Rémy Besson : Le film s’intéresse à la capacité de la peinture à donner à voir le politique au moyen d’une allégorie. Cependant, il semble que c’est moins ce que le tableau donne à voir, que sa matérialité et sa circulation dans l’espace public de 1653 à 2017 qui vous intéresse ? 

Éric Méchoulan : Je ne dirais pas exactement cela. Le moment de production et de réception immédiates du tableau reste important. La première opération de contextualisation devait rendre compte des choix visuels et de ce que le tableau donnait à voir pour son commanditaire aussi bien que pour le peintre. Il était important de saisir que le tableau avait été commandé à un peintre du roi par un riche marchand parisien en 1653, autrement dit à la fin de la Fronde. Le tableau ne dit pas simplement quelque chose de général sur une philosophie du pouvoir ; il déclare une appartenance politique et participe manifestement, en cette fin de Fronde, à la reconnaissance d’une élite parisienne liée à la puissance royale et au premier ministre. Ce sont en effet deux « tableaux de cheminée » qui ont été commandés à Le Sueur : le second est un épisode de l’histoire romaine qui montre Marcus Curtius se sacrifiant pour la République. Autrement dit, c’est pour un espace domestique que sont produites ces œuvres, mais un espace qui peut accueillir des visiteurs susceptibles d’apprécier ce qu’énoncent ces tableaux, l’un sur le mode épique du sacrifice pour le bien commun, l’autre sur le mode réflexif des vertus politiques idéales.
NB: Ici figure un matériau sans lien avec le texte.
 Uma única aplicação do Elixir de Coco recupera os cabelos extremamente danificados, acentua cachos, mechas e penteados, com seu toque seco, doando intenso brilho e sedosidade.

Une autre contextualisation concerne l’espace social de la peinture. Dans ces années 1648-1654, Eustache Le Sueur participe activement à la création de l’Académie royale de peinture. L’enjeu institutionnel est fort : sortir de la maîtrise des peintres et décorateurs est une façon de passer, pour le dire vite, du statut d’artisan à celui d’artiste. Dans ce milieu de l’élite parisienne, ces tableaux de Le Sueur déclarent ainsi la capacité du peintre à montrer le politique, aussi bien dans son historicité héroïque que dans sa pensée morale. Le choix de l’épisode romain fait « voir le passé » dans un moment exemplaire pour l’actualité politique (en laissant croire que l’élite de ces marchands parisiens aurait pu aussi se sacrifier pour le bien commun) et l’allégorie politique fait « voir dans le passé » mythologique les ressources morales pour penser le pouvoir actualisable. Le peintre affirme sa puissance propre à se faire le médiateur à la fois historien et philosophe par ce qu’il montre immédiatement sans avoir besoin de passer par le discours — d’où la présence dans l’ombre des arbres, au second plan, du petit Secret qui instaure, en perspective, la profondeur illusoire du politique.
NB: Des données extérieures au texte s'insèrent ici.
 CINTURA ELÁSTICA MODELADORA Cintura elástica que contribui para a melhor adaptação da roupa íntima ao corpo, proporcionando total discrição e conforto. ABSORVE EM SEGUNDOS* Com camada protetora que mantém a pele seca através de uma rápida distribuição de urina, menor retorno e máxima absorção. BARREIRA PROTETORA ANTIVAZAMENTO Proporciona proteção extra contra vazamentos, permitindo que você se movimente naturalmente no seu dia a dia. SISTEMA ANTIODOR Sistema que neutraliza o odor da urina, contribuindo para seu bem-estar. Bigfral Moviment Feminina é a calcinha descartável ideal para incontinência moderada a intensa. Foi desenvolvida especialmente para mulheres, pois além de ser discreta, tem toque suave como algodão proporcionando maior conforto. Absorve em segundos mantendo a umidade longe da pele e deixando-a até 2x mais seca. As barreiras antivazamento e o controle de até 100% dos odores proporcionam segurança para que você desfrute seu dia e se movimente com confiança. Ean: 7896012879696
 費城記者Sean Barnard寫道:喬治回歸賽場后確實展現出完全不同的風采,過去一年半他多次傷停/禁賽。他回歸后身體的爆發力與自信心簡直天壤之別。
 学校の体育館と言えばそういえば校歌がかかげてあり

Cependant, il ne s’agissait de se forclore à ce premier moment de l’histoire sociale du pouvoir ou de la peinture. Une œuvre, pour arriver jusqu’à nous, et ainsi devenir interprétable et évaluable, doit bien passer par toute une série d’intermédiaires qui en ont assuré la conservation, le classement et l’accessibilité. Il faut donc faire aussi l’histoire de sa transmission. Cela permet de « voir le passé » dans ses multiples composantes hétérogènes. Par exemple, le titre « Portrait d’un ministre parfait » ne vient ni du commanditaire ni du peintre. Comme bien souvent aux XVIIe et XVIIIe siècles, les titres de tableaux sont donnés par ceux qui les classent, tantôt pour recenser une collection, tantôt pour assurer leur vente. En l’occurrence, c’est un troisième cas de figure assez fréquent : la reproduction par la gravure et sa diffusion. Le déplacement médiatique et la circulation commerciale amènent à l’institution de ce titre qui va rester jusqu’à aujourd’hui, même si les premiers classements de la fin du XVIIe ou du début du XVIII siècle se contentaient de lister les quatre vertus. Le titre impose après coup une interprétation du tableau, d’autant plus intéressante que la version latine du titre parlait de l’« imperium » alors que sa traduction française impose un « ministre ».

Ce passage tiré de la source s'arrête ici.